Глаза открыть невероятно трудно, но Ричард это делает и, чтобы хоть как-то усыпить бдительность эра, придвигается и начинает неуверенно поглаживать худой живот, потом плечо, ладонь спускается на грудь. Страшно и стыдно - Дикон редко предлагает сам, мысль о том, что он на самом деле, в точности как Джастин Придд, спит с Алвой, позоря память об отце и свое имя, все еще сковывает его тело, придавая движениям судорожную отчаянность. Но хочется поверить - Алва не собирается рассказывать о них, как он сказал: "вы полагаете, мне больше нечем похвастать, кроме того, что я по пьяни опустился до совращения собственного оруженосца? Уверяю, я дорожу своей репутацией человека с, пусть извращенным, но хорошим вкусом". Гнев и обида были страшные, конечно - мало того, что им попользовались, словно... мало того, что он позволил это... так им еще и, походя, пренебрегли, открыто заявив, что герцог Окделл даже в подстилки недостаточно хорош!

- Вы, я смотрю, полны энтузиазма, - лениво тянет Алва, но оруженосец молчит в ответ, наоборот, дотягивается и начинает покрывать лицо Рокэ короткими, без капли чувственности поцелуями, сосредоточенно и очень напряженно.
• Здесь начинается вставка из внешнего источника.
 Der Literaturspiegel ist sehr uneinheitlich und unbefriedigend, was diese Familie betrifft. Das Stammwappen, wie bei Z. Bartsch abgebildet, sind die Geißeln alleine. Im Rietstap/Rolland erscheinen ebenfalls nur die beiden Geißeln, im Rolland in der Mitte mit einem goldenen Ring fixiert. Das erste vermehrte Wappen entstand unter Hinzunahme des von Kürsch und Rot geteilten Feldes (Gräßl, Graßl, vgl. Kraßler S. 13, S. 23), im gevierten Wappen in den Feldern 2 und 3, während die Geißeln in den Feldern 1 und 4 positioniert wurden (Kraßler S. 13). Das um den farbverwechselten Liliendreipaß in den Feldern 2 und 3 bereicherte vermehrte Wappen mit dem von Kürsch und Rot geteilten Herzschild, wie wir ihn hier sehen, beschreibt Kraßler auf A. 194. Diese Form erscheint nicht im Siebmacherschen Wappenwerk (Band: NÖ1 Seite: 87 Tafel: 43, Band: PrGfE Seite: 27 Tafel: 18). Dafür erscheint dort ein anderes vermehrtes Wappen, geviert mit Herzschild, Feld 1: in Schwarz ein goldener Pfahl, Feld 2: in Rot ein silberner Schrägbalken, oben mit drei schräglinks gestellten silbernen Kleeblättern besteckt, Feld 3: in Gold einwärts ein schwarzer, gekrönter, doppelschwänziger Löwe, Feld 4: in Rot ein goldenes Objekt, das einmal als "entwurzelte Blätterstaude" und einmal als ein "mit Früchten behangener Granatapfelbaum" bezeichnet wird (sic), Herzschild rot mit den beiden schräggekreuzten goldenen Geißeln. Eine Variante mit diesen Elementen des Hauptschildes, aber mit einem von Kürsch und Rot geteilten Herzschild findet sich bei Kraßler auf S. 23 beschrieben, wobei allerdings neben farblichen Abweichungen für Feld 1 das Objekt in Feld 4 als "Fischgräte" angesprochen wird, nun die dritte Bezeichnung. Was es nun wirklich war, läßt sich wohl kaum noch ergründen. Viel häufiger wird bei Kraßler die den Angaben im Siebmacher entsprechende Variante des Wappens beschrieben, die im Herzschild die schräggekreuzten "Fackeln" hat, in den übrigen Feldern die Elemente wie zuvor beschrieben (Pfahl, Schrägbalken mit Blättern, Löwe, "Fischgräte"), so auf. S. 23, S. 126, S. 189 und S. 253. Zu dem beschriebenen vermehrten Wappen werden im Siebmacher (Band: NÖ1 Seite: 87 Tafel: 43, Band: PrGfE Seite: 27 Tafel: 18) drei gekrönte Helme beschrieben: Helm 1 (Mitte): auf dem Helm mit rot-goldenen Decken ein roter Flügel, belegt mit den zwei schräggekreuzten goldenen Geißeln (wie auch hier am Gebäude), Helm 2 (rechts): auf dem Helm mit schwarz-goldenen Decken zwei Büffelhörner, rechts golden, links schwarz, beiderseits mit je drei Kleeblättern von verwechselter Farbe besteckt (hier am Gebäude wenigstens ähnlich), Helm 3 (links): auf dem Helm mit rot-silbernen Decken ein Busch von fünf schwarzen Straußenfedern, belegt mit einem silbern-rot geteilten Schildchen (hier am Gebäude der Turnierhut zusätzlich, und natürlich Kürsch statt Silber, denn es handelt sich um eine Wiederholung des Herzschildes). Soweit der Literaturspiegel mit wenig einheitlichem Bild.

Странно, что после этого никто не заподозрил о происшедшем. До - были и слухи, и сплетни, и волнения Ее Величества - как стыдно теперь обманывать ее, стыдно смотреть в ее глаза и Дикон избегает ее, как может, отговариваясь от встреч с Катари - и предупреждения эра Августа - Дикон ненавидит себя, но лжет эру Августу, лжет прямо в глаза, а где-то глубоко внутри как будто все каменеет при одной лишь мысли, что кансильер и матушка узнают, - и дуэль с Эстебаном и эта отсылка к Капуйль-Гизайлям... А потом много крепкого вина, хриплые песни Алвы и его же грубые поцелуи, без малейшего труда заставившие все еще не отошедшие от первого в жизни блаженства тело снова отозваться - а Дика потерять остатки чести.

Когда он, наконец, решается коснуться губами губ, Алва уже бросил смеяться, дышит поверхностно и слишком тихо, носом, жмурясь и подставляя под сухие поцелуи лицо и шею.
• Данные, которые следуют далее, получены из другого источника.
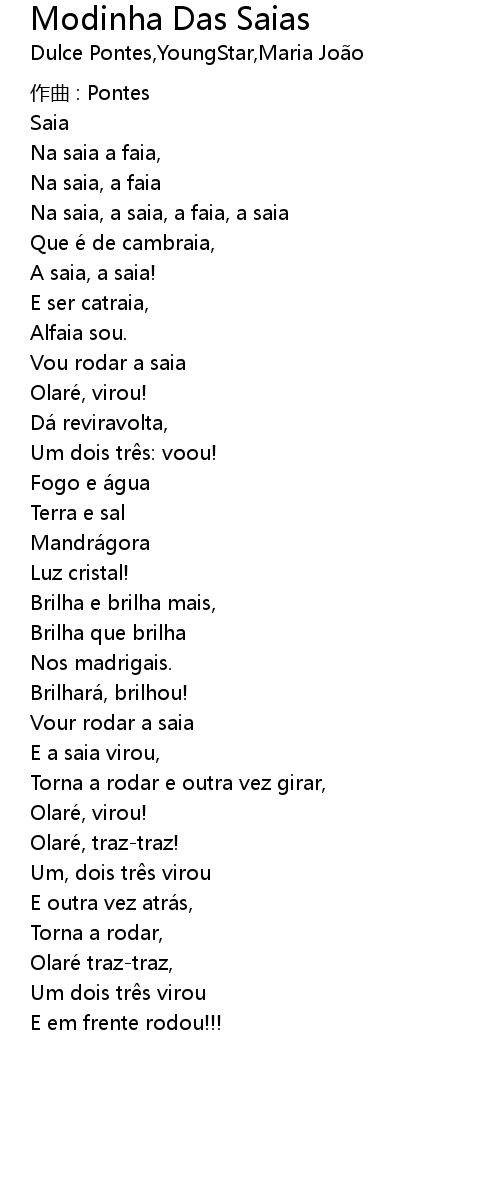 | Song | Modinha Das Saias |

Повторения той ночи быть не должно было, и не могло - и герцог Окделл вызвал своего эра на дуэль, мечтая больше умереть, чем одержать победу. И все же смутно представлялся в ночь перед дуэлью мертвый, холодный, с белыми губами Рокэ Алва на мостовой двора... И мысль об отмщении за смерть Эгмонта Окделла стала позорной ложью.

Ричард не может отступать - даже в грехе и мерзости, но он не будет трусом! Он прижимается всем телом, осторожно проводя языком по губам Алвы, мысленно проклиная себя, опускает руку вниз и накрывает ладонью естество своего монсеньора и кэналлийского убийцы.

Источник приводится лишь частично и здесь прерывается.